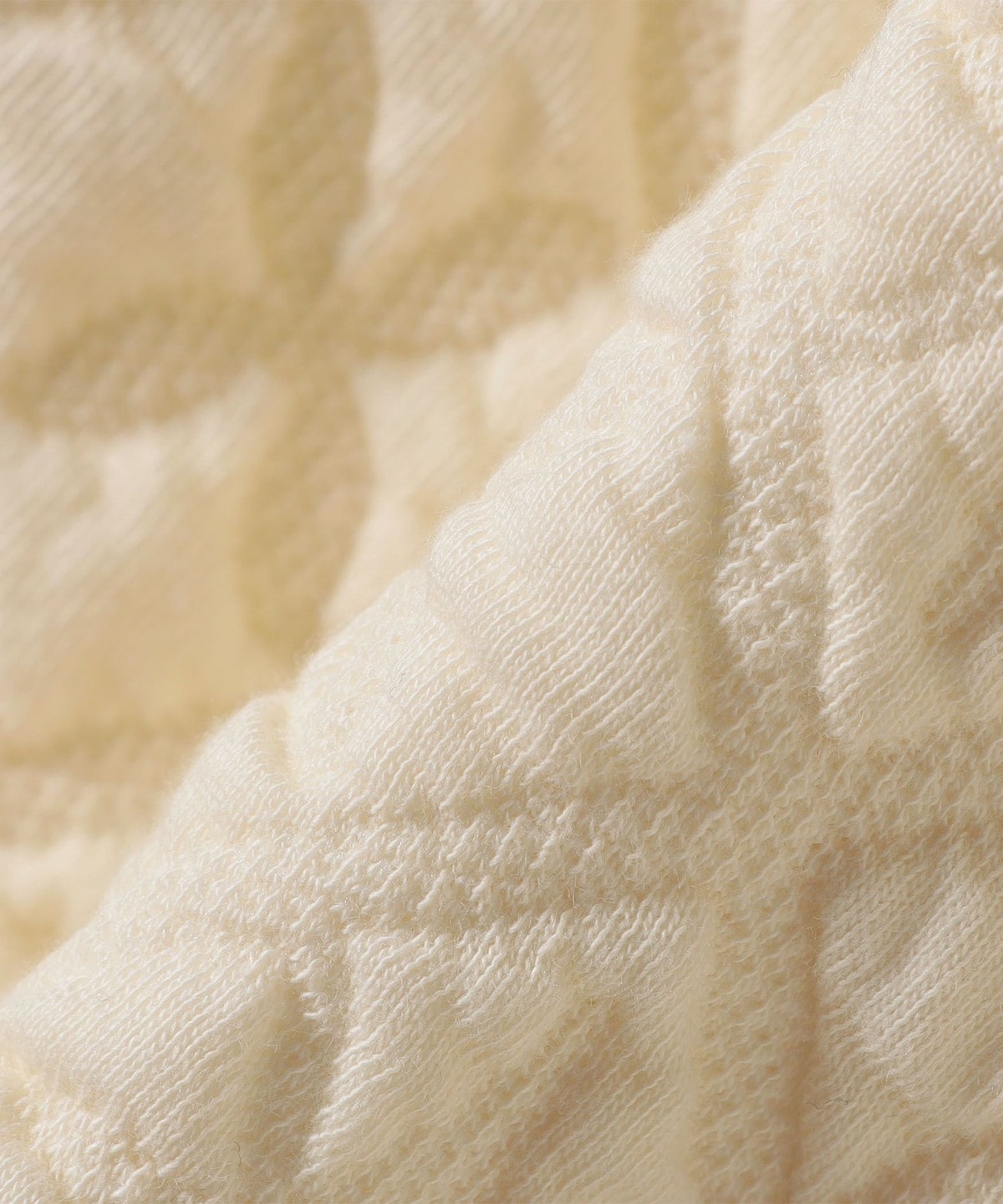 ポコポコとしたキルティングジャカードで、暖かさと着やすさを兼ね備えたカットソー素材です。
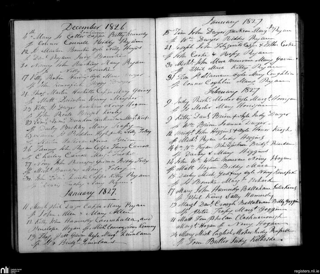 Cappawhite; County of Tipperary; Diocese of Cashel and Emly. Baptisms, Dec. 1826 to Feb. 1827
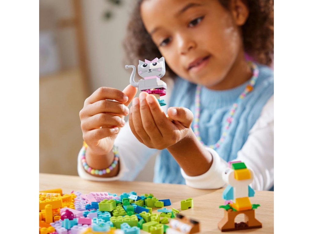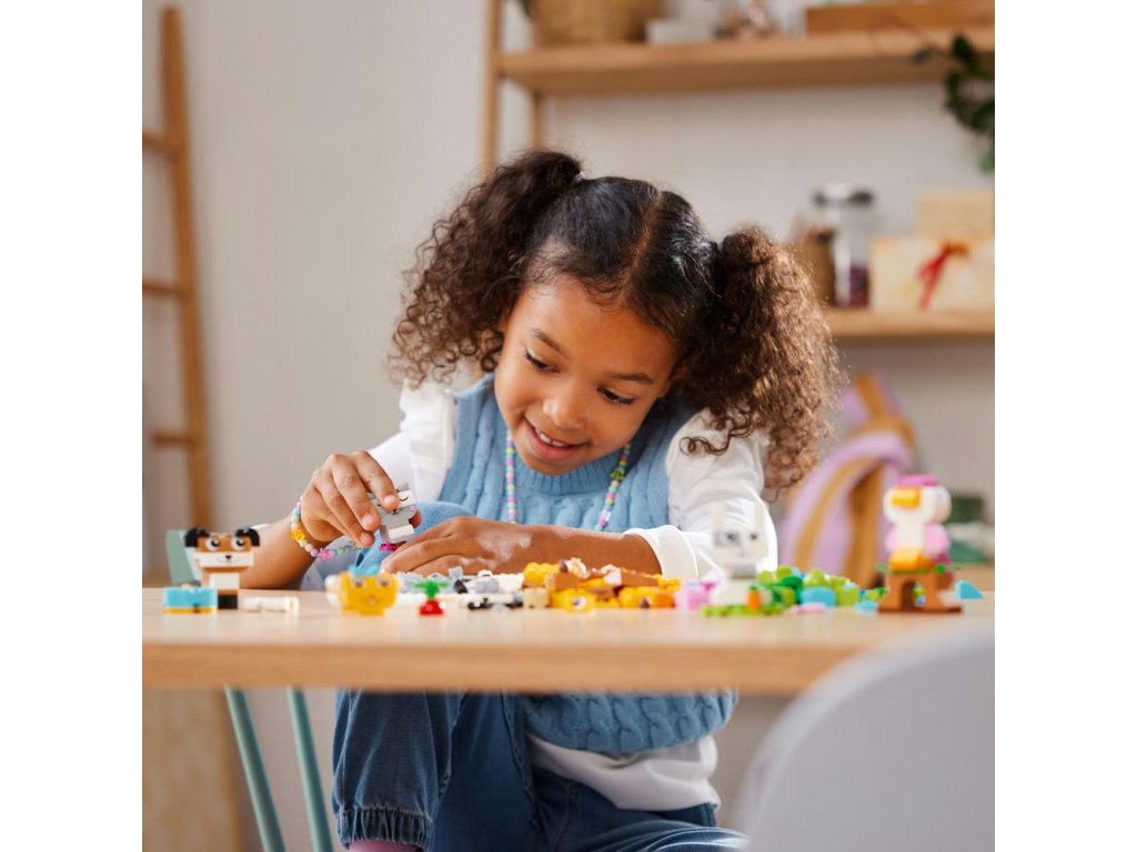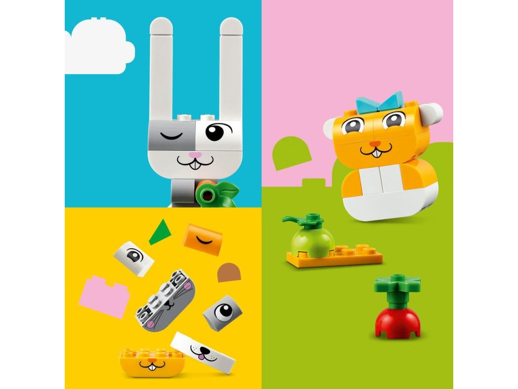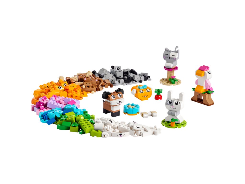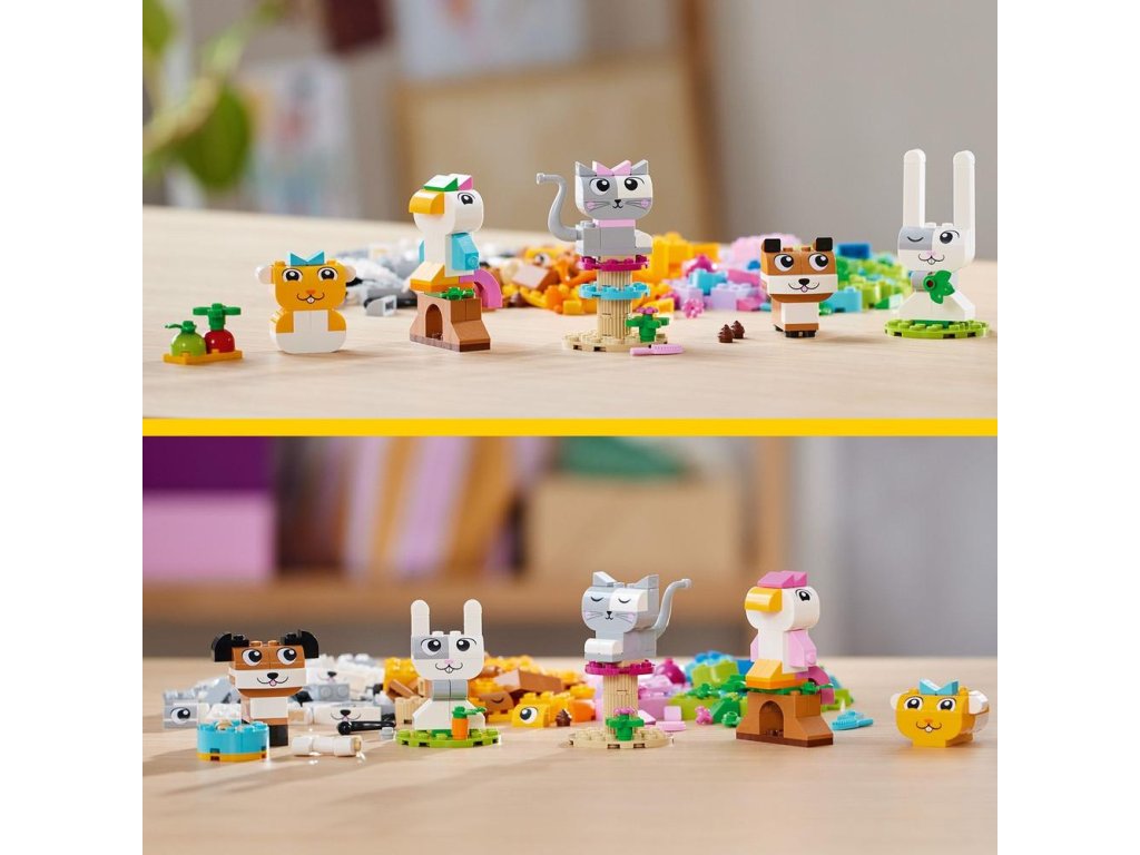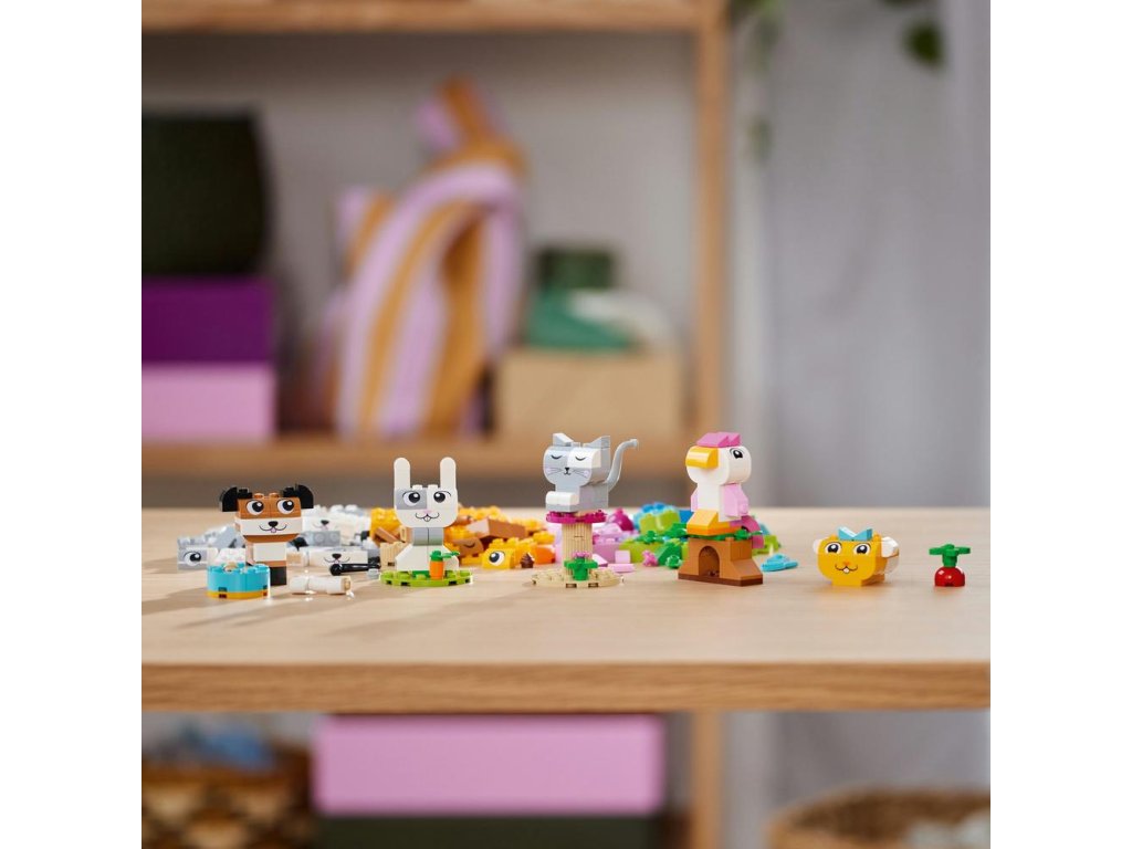 Součástí stavebnice je 450 kostek LEGO, včetně speciálních dílků s očima a ústy a podrobným návodem na stavění. Děti si postaví model psa s kostí, kočku na škrabadle, křečka s jablkem, králíka s mrkví a ptáka na bidýlku. Díky návrhům s alternativními barvami, tvary a funkcemi si děti vyzkouší přestavět mazlíčky do zcela nových podob. Sada pomáhá rozvíjet kreativní dovednosti malých stavitelů, kteří si zkusí poskládat vlastní nápady. Součástí je návod s 10 tipy na stavění, které podnítí kreativní tvoření podle vlastní fantazie.
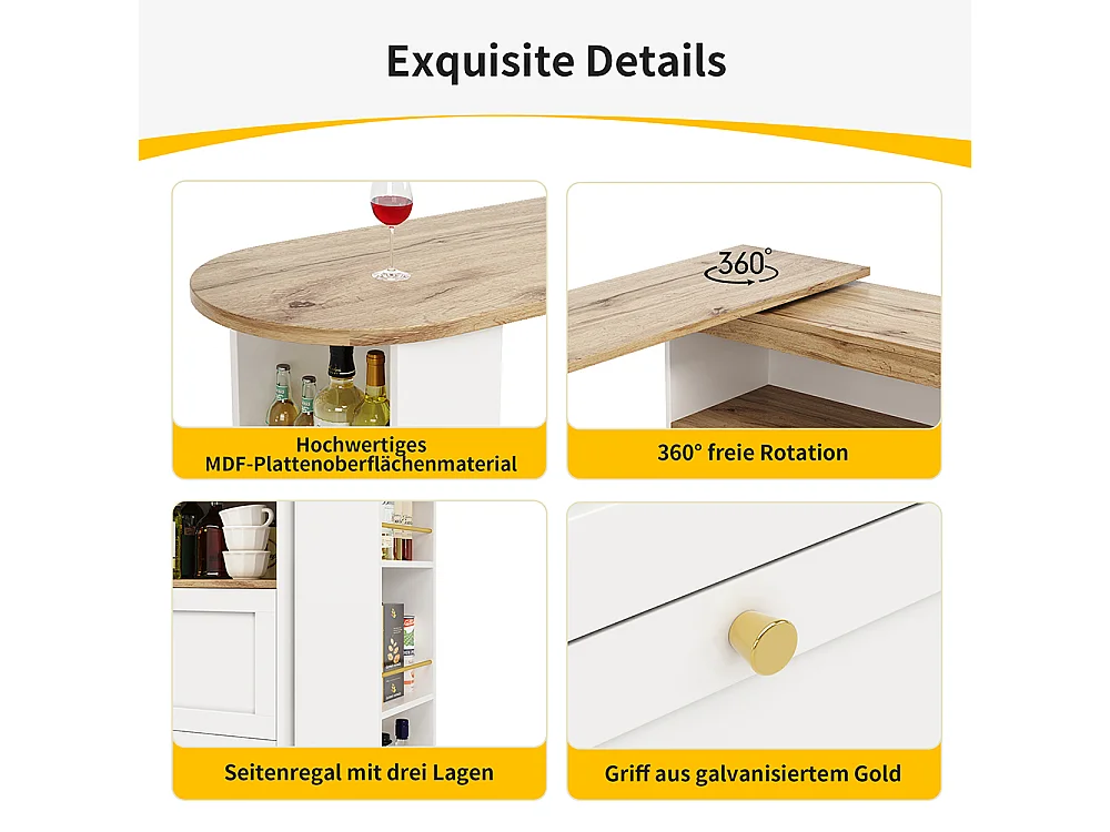 Buffet de cuisine table haute blanche pivotante à 360° avec 4 tiroirs et étagères ouvertes adaptée à la salle à manger bureau ou salon
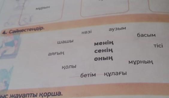оның көзі, оның шашы, оның қолы, оның тісі, оның құлағы
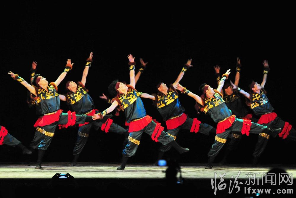 临汾新闻网讯 5月19日晚,山西师范大学音乐学院舞蹈系2015届毕业汇报专场演出活动在该校文化艺术活动中心举办。在女子群舞《春知沂蒙》中拉开帷幕,包含群舞、舞蹈组合等11个节目。女子群舞用娇柔妩媚的身姿,衣袂翩翩的舞姿赢得观众阵阵喝彩与尖叫。优美的舞姿风格各异,在旋转跳跃间演绎了不同的民族特色,情景故事是柔美与力量的融合,婉转与张扬的呈现。男子群舞则铿锵有力,用肢体的矫健与力度诠释了男子气概与对梦想的追逐。最后在男子群舞《天堂草原》中落下帷幕。整场演出异彩纷呈,震撼人心,演出现场人声鼎沸,热闹非凡。
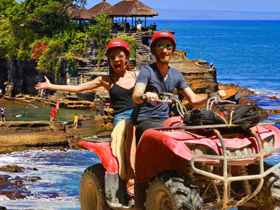 ATV Ride and Tanah Lot Tour packages is the entrancing Bali Combination Tour Packages we outlined by provide for both of you distinctive experience of riding ATV bicycle through the beaten track and afterward going to Tanah Lot Temple and other visitor end. Is extraordinary and noteworthy visit packages we offer to make your vacation more amazing in this Bali ATV Ride and Tanah Lot Tour packages. To start the adventure, you will be riding the ATV bike with our expert ATV Ride instructor through the beaten track with length of time 2 hours. after the journey of atv ride finish we will having lunch with Indonesian food, after lunch finish we continue this adventure to visit Taman Ayun Temple is Balinese Hindu sanctuary in Mengwi town, this sanctuary has excellent perspective with big fish lakes encompass the sanctuary and this sanctuary was construct by King of Mengwi town. At that point we proceed the tour to visit our last site in this astonishing Bali ATV ride and Tanah Lot Tour is the Tanah Lot Temple, is Balinese Hindu sanctuary spotted in Tabanan Village with Breathtaking perspective of Indian Ocean, the sanctuary was popular along the tourist and was the most pavorite place to visit in Bali.
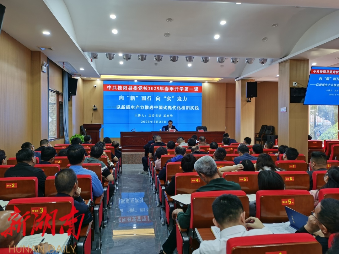 新桂阳3月25日讯(记者 邓超玮)今天上午,县委书记巫初华到县委党校主讲2025年春季“开学第一课”。他围绕“向‘新’而行,向‘实’发力,以新质生产力推进中国式现代化桂阳实践”这一主题,结合到江浙考察学习时的所见所闻所思所想和桂阳实际,聚焦现代化产业体系建设,与中青班、科干班全体学员深入交流,共同探讨桂阳高质量发展的新路径。
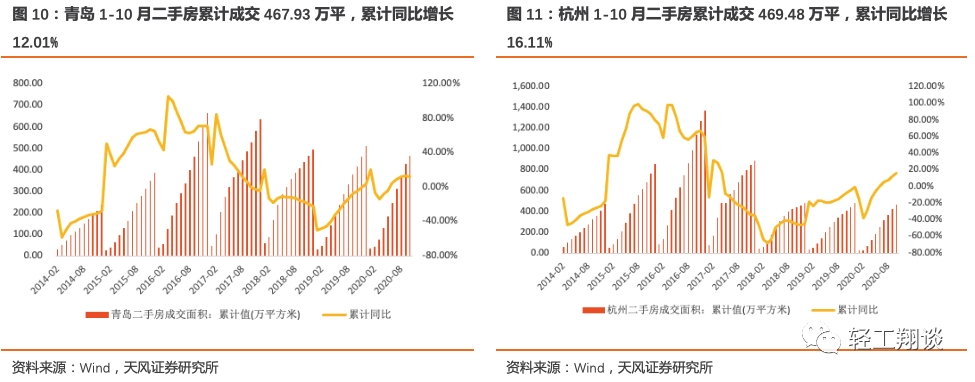 二线城市二手房成交方面,从我们统计的7个城市2020年1-10月二手房成交面积数据显示,成都、厦门、苏州3个城市前10月二手房成交累计同比均有下滑,厦门2020年1-10月累计同比下降6.67%,成都2020年1-10月累计同比下降54.18%,苏州2020年1-10月累计同比下降42.61%;青岛2019年累计同比增长8.45%,2020 年1-10月累计同比增长12.01%。杭州1-10月累计同比增长16.11%,较前9月增幅扩大3.78pct。南京2020年1-10月累计同比上升29.42%。
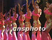 圖:西安為游人演出大型唐代舞蹈 2001年10月06日 10:39 ![]() 西安長(zhǎng)樂宮劇院在國(guó)慶假期里為游客演出《霓裳羽衣舞》。傳說此舞是楊玉環(huán)按玄宗皇帝旨意編排的宮廷舞蹈,以仙女在天宮中的漫舞輕歌來頌揚(yáng)大唐盛世國(guó)泰民安。中新社記者 宋吉河 攝 |

--- --- ---

### EXERCISE GOAL
From the line containing "оның көзі, оның" through the line containing "临汾新闻网讯 5月19日晚,山西师范大学", copy every line above exactly, without pictures.

### SOLVED PROBLEM
оның көзі, оның шашы, оның қолы, оның тісі, оның құлағы
 临汾新闻网讯 5月19日晚,山西师范大学音乐学院舞蹈系2015届毕业汇报专场演出活动在该校文化艺术活动中心举办。在女子群舞《春知沂蒙》中拉开帷幕,包含群舞、舞蹈组合等11个节目。女子群舞用娇柔妩媚的身姿,衣袂翩翩的舞姿赢得观众阵阵喝彩与尖叫。优美的舞姿风格各异,在旋转跳跃间演绎了不同的民族特色,情景故事是柔美与力量的融合,婉转与张扬的呈现。男子群舞则铿锵有力,用肢体的矫健与力度诠释了男子气概与对梦想的追逐。最后在男子群舞《天堂草原》中落下帷幕。整场演出异彩纷呈,震撼人心,演出现场人声鼎沸,热闹非凡。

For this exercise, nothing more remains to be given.